■ **Problem description**
The answer is an exact repetition of every entry, with all images left out.

(Data shown)

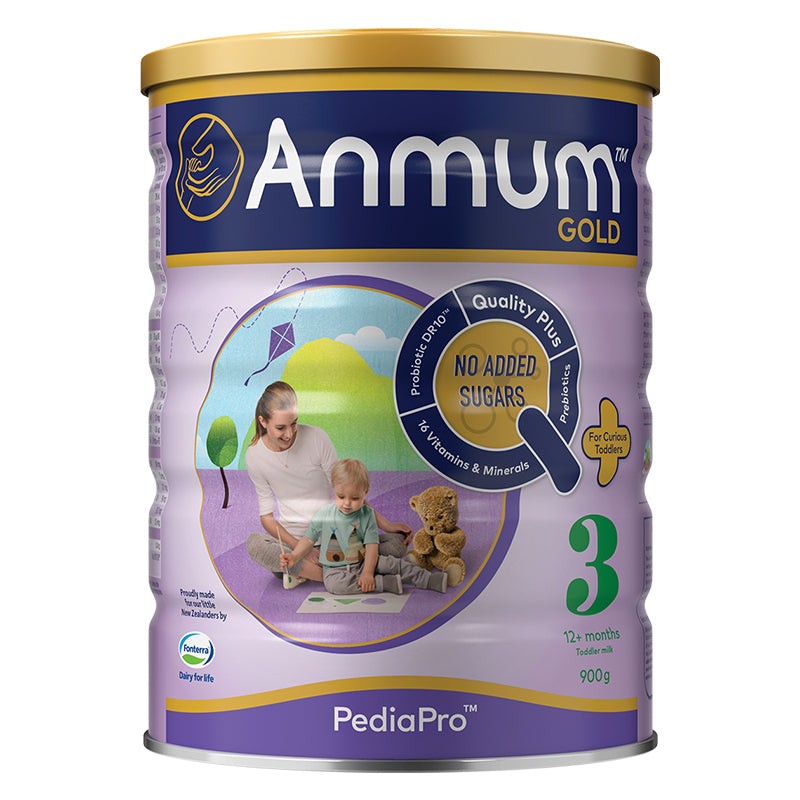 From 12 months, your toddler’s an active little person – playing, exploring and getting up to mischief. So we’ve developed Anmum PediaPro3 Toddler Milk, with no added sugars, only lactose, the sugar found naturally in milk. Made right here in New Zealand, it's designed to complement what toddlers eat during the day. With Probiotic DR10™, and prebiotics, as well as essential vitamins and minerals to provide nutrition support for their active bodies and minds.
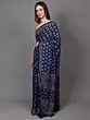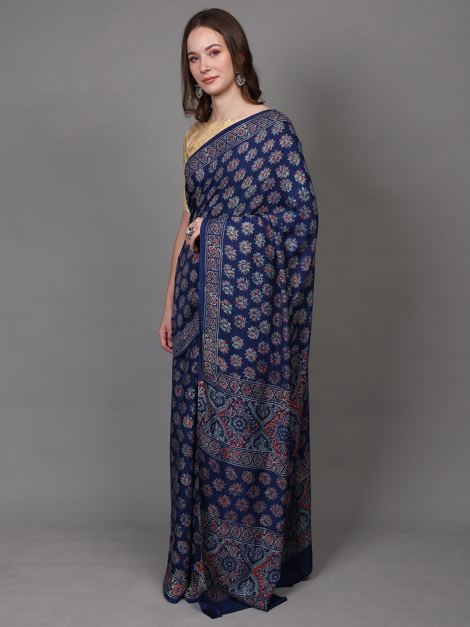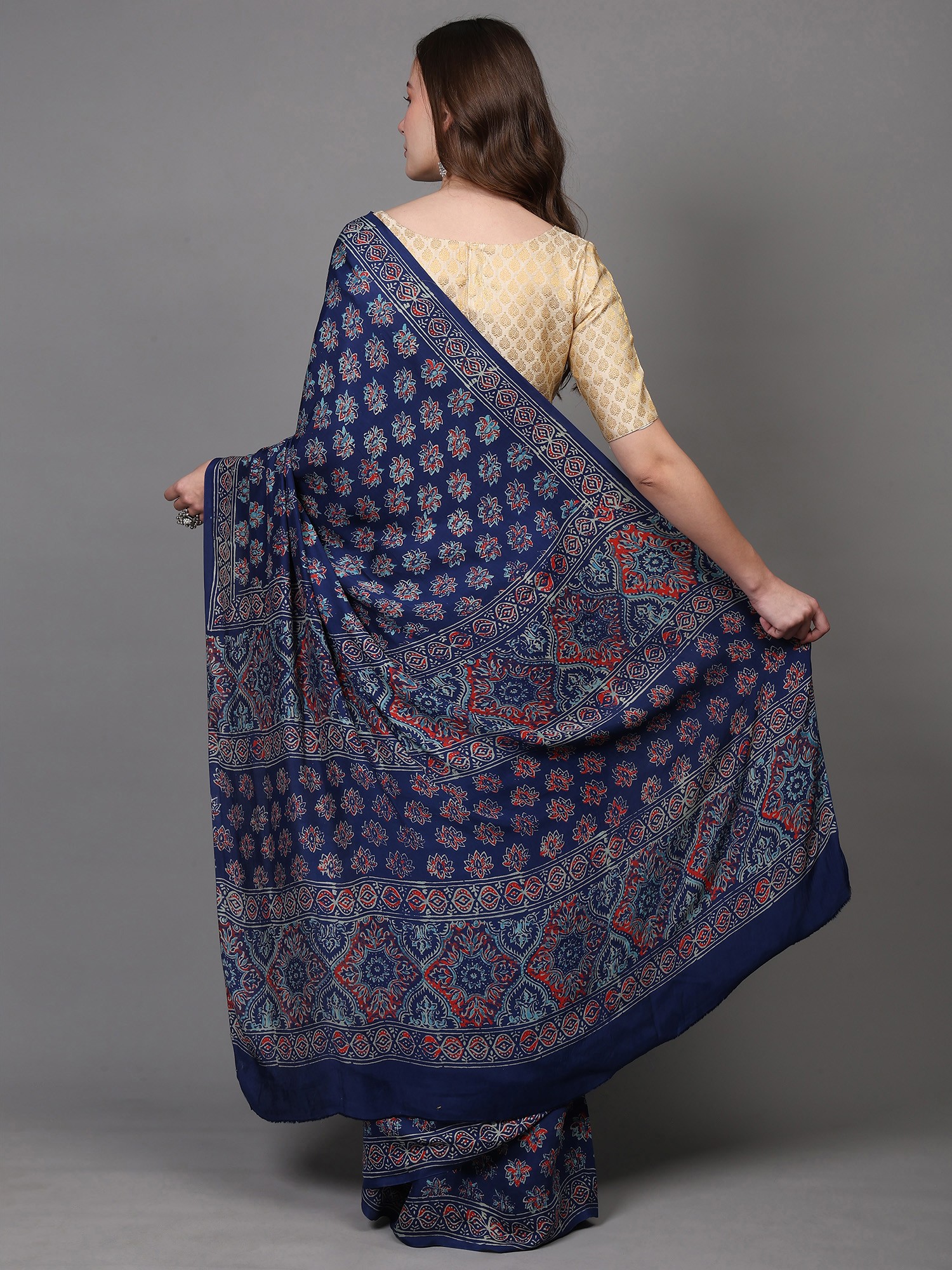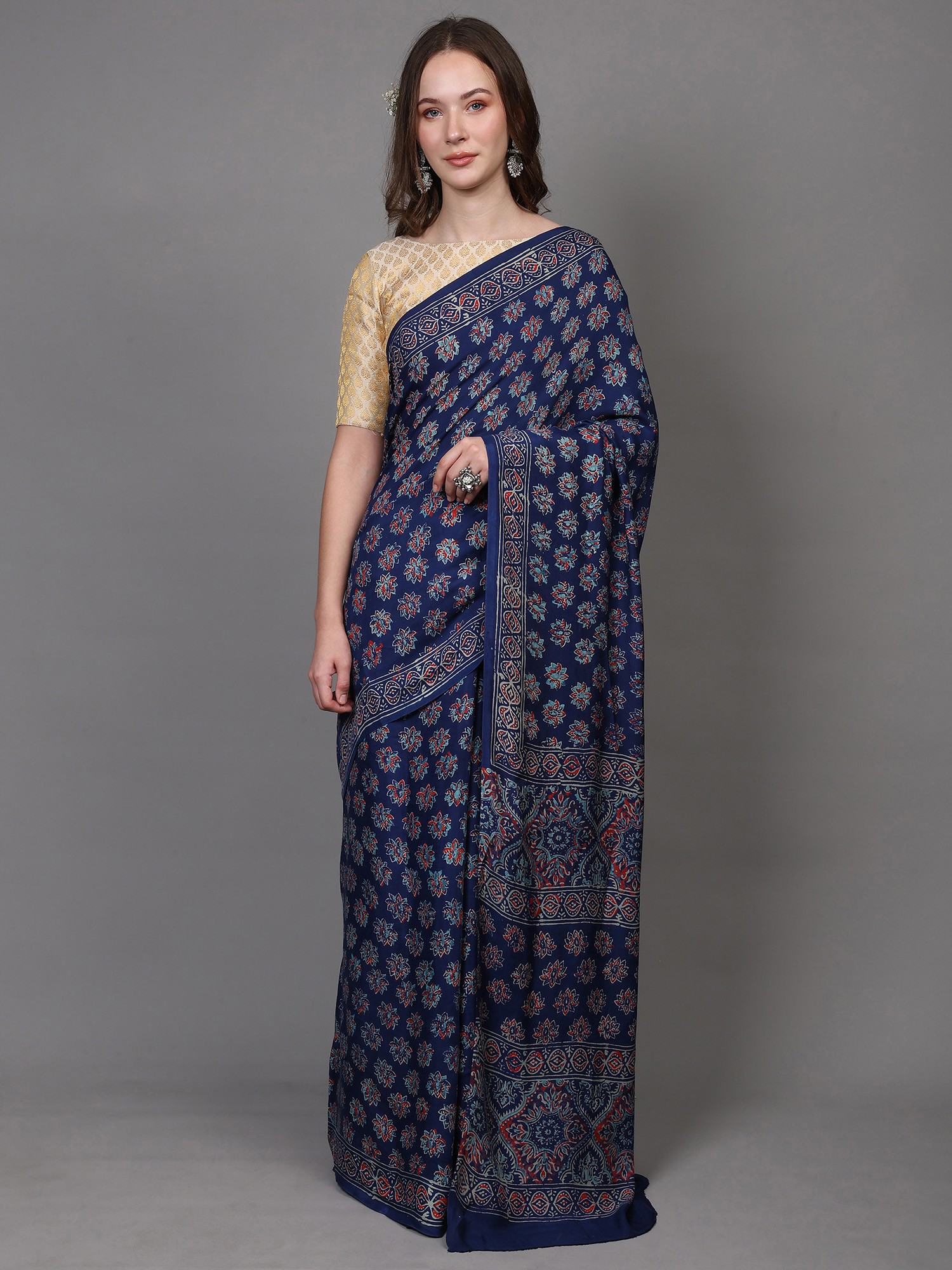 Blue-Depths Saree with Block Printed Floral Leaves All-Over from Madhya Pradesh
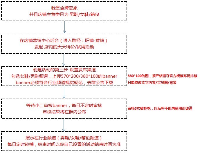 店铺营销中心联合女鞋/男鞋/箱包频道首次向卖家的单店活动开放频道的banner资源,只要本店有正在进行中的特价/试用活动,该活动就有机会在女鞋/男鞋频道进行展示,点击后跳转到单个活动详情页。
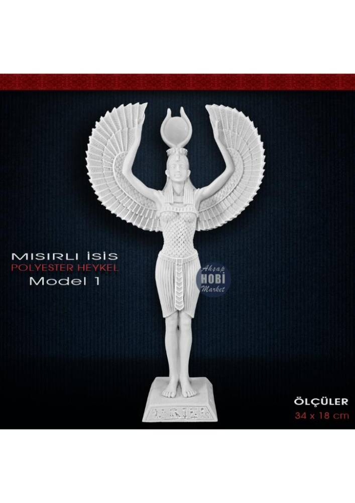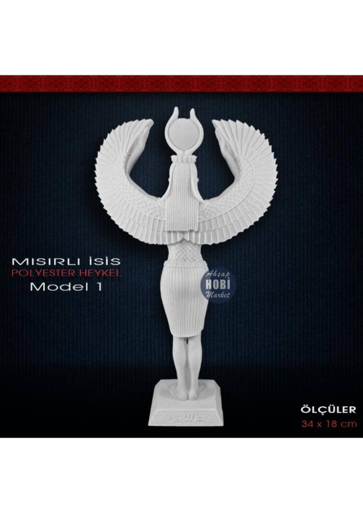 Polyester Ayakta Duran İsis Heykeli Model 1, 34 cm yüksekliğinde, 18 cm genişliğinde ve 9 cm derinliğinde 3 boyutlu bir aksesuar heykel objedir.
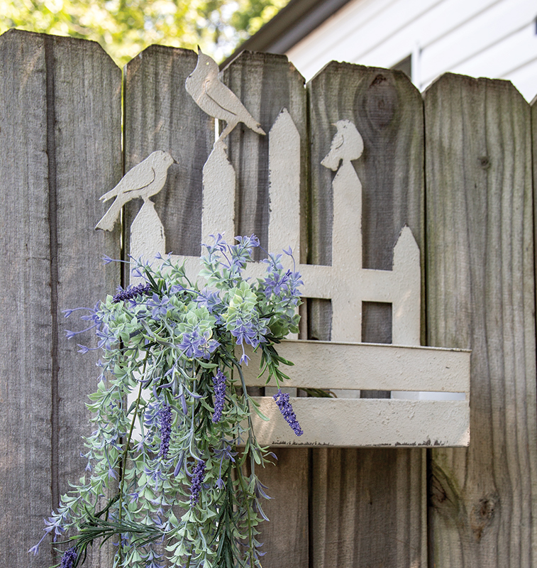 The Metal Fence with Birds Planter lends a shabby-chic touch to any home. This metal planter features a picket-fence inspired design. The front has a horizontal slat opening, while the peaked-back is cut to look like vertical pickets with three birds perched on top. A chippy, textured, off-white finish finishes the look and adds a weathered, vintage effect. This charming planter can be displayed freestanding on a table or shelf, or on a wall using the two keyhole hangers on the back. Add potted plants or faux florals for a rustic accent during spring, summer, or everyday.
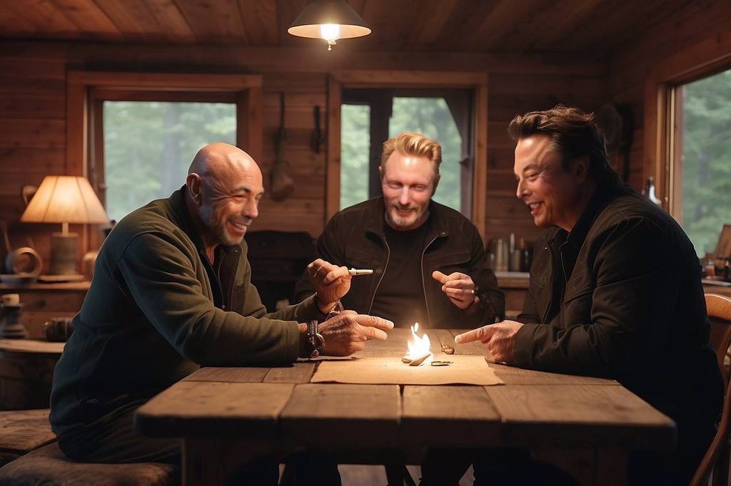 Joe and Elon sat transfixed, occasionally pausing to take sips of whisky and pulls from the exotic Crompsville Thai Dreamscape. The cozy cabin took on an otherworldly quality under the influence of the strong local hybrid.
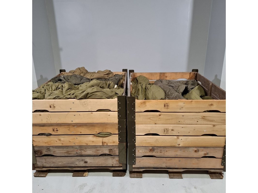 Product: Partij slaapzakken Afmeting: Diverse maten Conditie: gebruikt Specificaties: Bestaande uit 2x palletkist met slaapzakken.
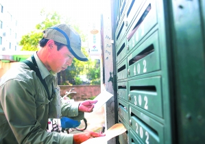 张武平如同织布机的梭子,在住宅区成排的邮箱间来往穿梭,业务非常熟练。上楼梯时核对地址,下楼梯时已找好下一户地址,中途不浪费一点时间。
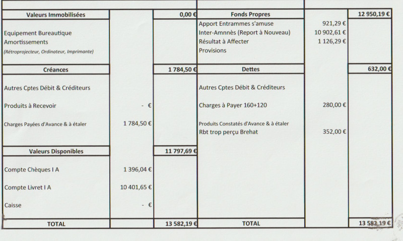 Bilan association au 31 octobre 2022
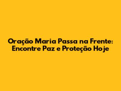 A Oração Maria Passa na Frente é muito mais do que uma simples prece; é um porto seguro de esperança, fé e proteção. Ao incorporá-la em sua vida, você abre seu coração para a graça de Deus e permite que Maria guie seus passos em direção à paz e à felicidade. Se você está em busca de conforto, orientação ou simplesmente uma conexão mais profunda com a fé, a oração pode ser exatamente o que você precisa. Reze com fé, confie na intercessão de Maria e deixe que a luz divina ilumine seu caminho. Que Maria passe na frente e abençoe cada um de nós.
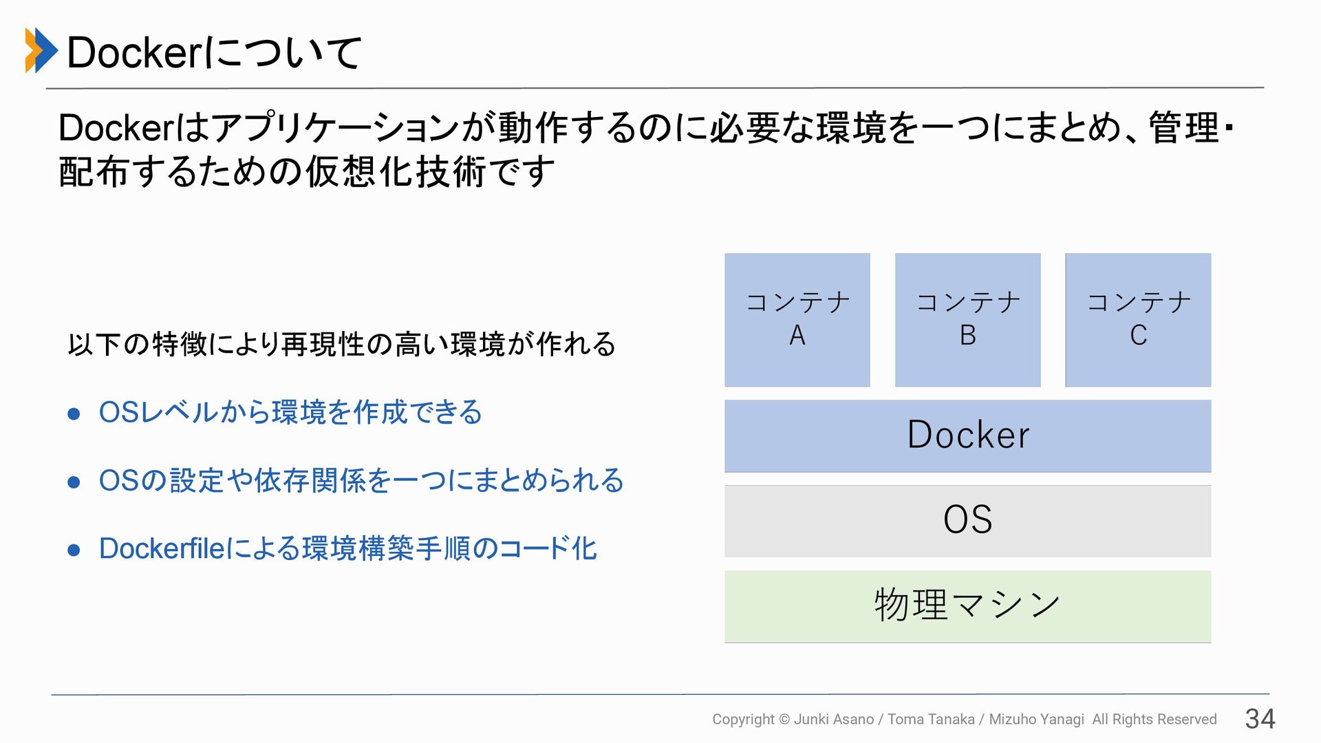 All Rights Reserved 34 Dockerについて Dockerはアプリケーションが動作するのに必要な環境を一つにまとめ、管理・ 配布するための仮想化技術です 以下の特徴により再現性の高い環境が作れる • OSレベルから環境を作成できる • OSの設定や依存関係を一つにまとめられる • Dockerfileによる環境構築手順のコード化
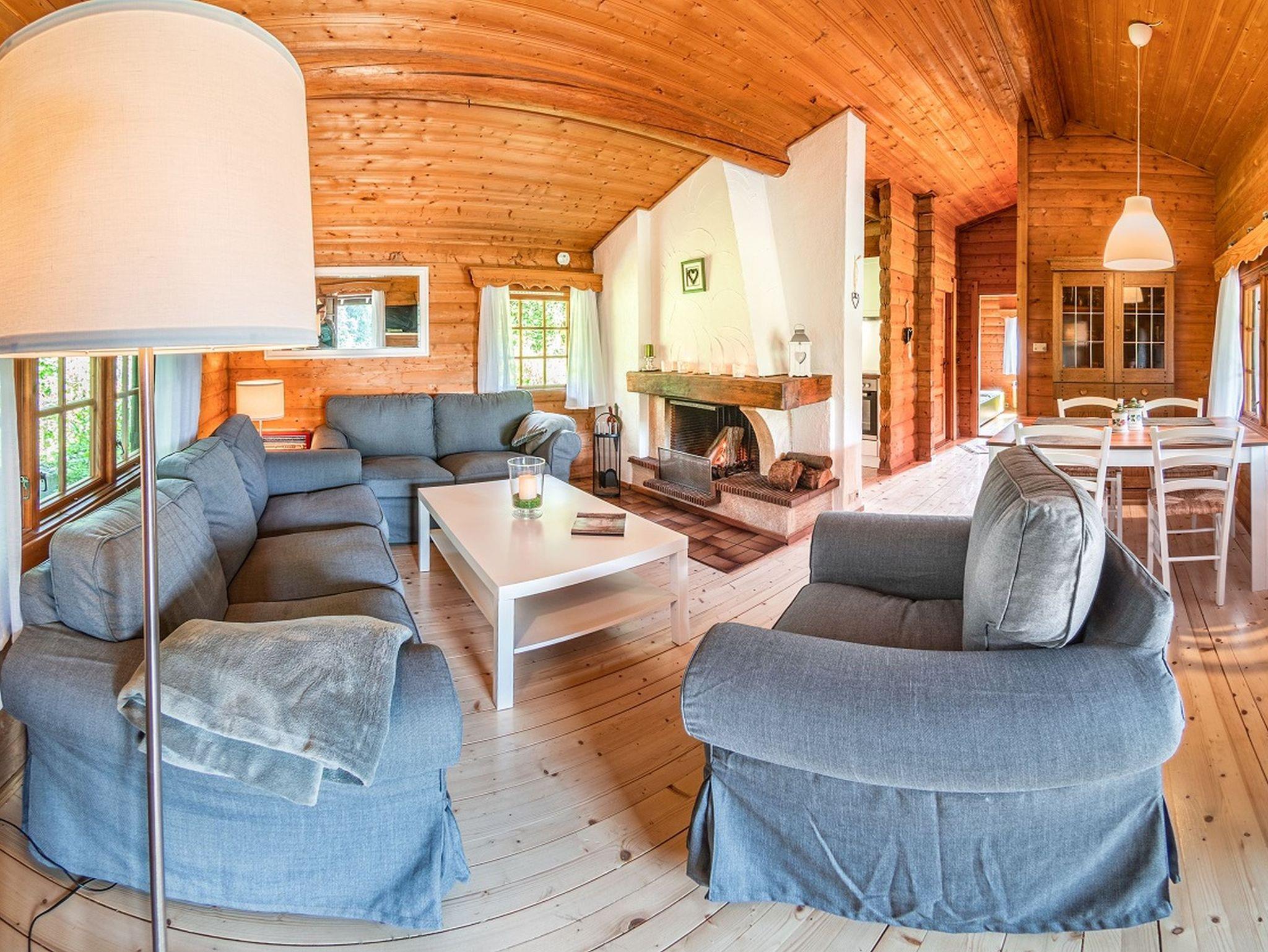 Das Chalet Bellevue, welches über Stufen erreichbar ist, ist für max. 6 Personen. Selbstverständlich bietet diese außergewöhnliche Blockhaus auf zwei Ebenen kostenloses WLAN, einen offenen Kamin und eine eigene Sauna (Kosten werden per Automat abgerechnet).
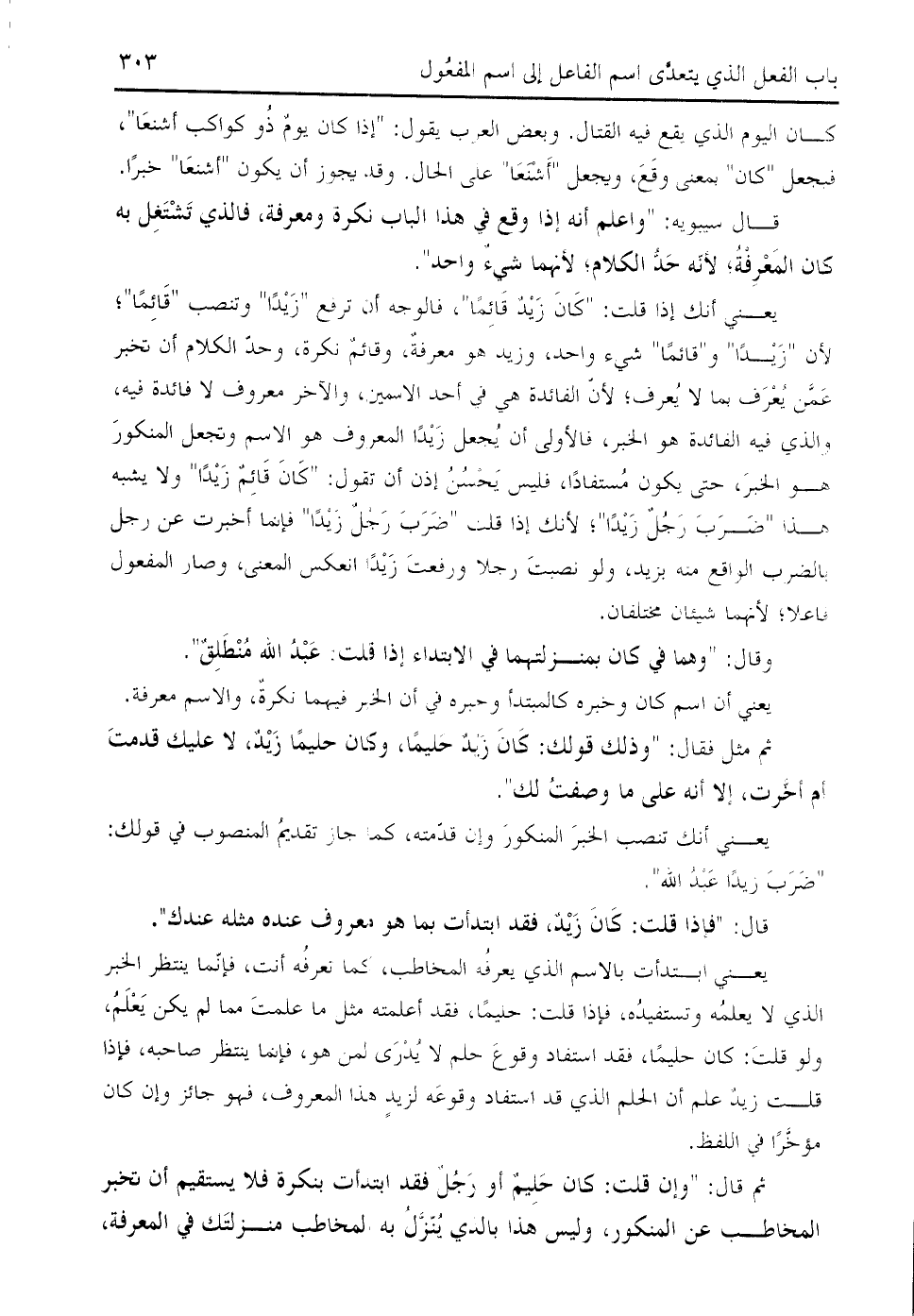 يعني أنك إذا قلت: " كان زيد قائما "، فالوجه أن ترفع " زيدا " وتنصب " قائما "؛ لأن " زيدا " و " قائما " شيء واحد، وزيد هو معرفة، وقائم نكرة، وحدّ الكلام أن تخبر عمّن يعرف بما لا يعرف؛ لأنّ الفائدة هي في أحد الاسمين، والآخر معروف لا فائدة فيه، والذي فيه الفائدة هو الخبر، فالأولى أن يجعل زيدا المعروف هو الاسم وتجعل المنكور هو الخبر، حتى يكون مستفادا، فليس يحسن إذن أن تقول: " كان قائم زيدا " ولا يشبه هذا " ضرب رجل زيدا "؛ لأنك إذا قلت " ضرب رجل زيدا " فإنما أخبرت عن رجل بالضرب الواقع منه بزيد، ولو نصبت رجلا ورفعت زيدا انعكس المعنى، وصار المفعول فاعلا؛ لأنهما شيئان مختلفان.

(End Data shown)

■ **Response box**
 From 12 months, your toddler’s an active little person – playing, exploring and getting up to mischief. So we’ve developed Anmum PediaPro3 Toddler Milk, with no added sugars, only lactose, the sugar found naturally in milk. Made right here in New Zealand, it's designed to complement what toddlers eat during the day. With Probiotic DR10™, and prebiotics, as well as essential vitamins and minerals to provide nutrition support for their active bodies and minds.
 Blue-Depths Saree with Block Printed Floral Leaves All-Over from Madhya Pradesh
 店铺营销中心联合女鞋/男鞋/箱包频道首次向卖家的单店活动开放频道的banner资源,只要本店有正在进行中的特价/试用活动,该活动就有机会在女鞋/男鞋频道进行展示,点击后跳转到单个活动详情页。
 Polyester Ayakta Duran İsis Heykeli Model 1, 34 cm yüksekliğinde, 18 cm genişliğinde ve 9 cm derinliğinde 3 boyutlu bir aksesuar heykel objedir.
 The Metal Fence with Birds Planter lends a shabby-chic touch to any home. This metal planter features a picket-fence inspired design. The front has a horizontal slat opening, while the peaked-back is cut to look like vertical pickets with three birds perched on top. A chippy, textured, off-white finish finishes the look and adds a weathered, vintage effect. This charming planter can be displayed freestanding on a table or shelf, or on a wall using the two keyhole hangers on the back. Add potted plants or faux florals for a rustic accent during spring, summer, or everyday.
 Joe and Elon sat transfixed, occasionally pausing to take sips of whisky and pulls from the exotic Crompsville Thai Dreamscape. The cozy cabin took on an otherworldly quality under the influence of the strong local hybrid.
 Product: Partij slaapzakken Afmeting: Diverse maten Conditie: gebruikt Specificaties: Bestaande uit 2x palletkist met slaapzakken.
 张武平如同织布机的梭子,在住宅区成排的邮箱间来往穿梭,业务非常熟练。上楼梯时核对地址,下楼梯时已找好下一户地址,中途不浪费一点时间。
 Bilan association au 31 octobre 2022
 A Oração Maria Passa na Frente é muito mais do que uma simples prece; é um porto seguro de esperança, fé e proteção. Ao incorporá-la em sua vida, você abre seu coração para a graça de Deus e permite que Maria guie seus passos em direção à paz e à felicidade. Se você está em busca de conforto, orientação ou simplesmente uma conexão mais profunda com a fé, a oração pode ser exatamente o que você precisa. Reze com fé, confie na intercessão de Maria e deixe que a luz divina ilumine seu caminho. Que Maria passe na frente e abençoe cada um de nós.
 All Rights Reserved 34 Dockerについて Dockerはアプリケーションが動作するのに必要な環境を一つにまとめ、管理・ 配布するための仮想化技術です 以下の特徴により再現性の高い環境が作れる • OSレベルから環境を作成できる • OSの設定や依存関係を一つにまとめられる • Dockerfileによる環境構築手順のコード化
 Das Chalet Bellevue, welches über Stufen erreichbar ist, ist für max. 6 Personen. Selbstverständlich bietet diese außergewöhnliche Blockhaus auf zwei Ebenen kostenloses WLAN, einen offenen Kamin und eine eigene Sauna (Kosten werden per Automat abgerechnet).
 يعني أنك إذا قلت: " كان زيد قائما "، فالوجه أن ترفع " زيدا " وتنصب " قائما "؛ لأن " زيدا " و " قائما " شيء واحد، وزيد هو معرفة، وقائم نكرة، وحدّ الكلام أن تخبر عمّن يعرف بما لا يعرف؛ لأنّ الفائدة هي في أحد الاسمين، والآخر معروف لا فائدة فيه، والذي فيه الفائدة هو الخبر، فالأولى أن يجعل زيدا المعروف هو الاسم وتجعل المنكور هو الخبر، حتى يكون مستفادا، فليس يحسن إذن أن تقول: " كان قائم زيدا " ولا يشبه هذا " ضرب رجل زيدا "؛ لأنك إذا قلت " ضرب رجل زيدا " فإنما أخبرت عن رجل بالضرب الواقع منه بزيد، ولو نصبت رجلا ورفعت زيدا انعكس المعنى، وصار المفعول فاعلا؛ لأنهما شيئان مختلفان.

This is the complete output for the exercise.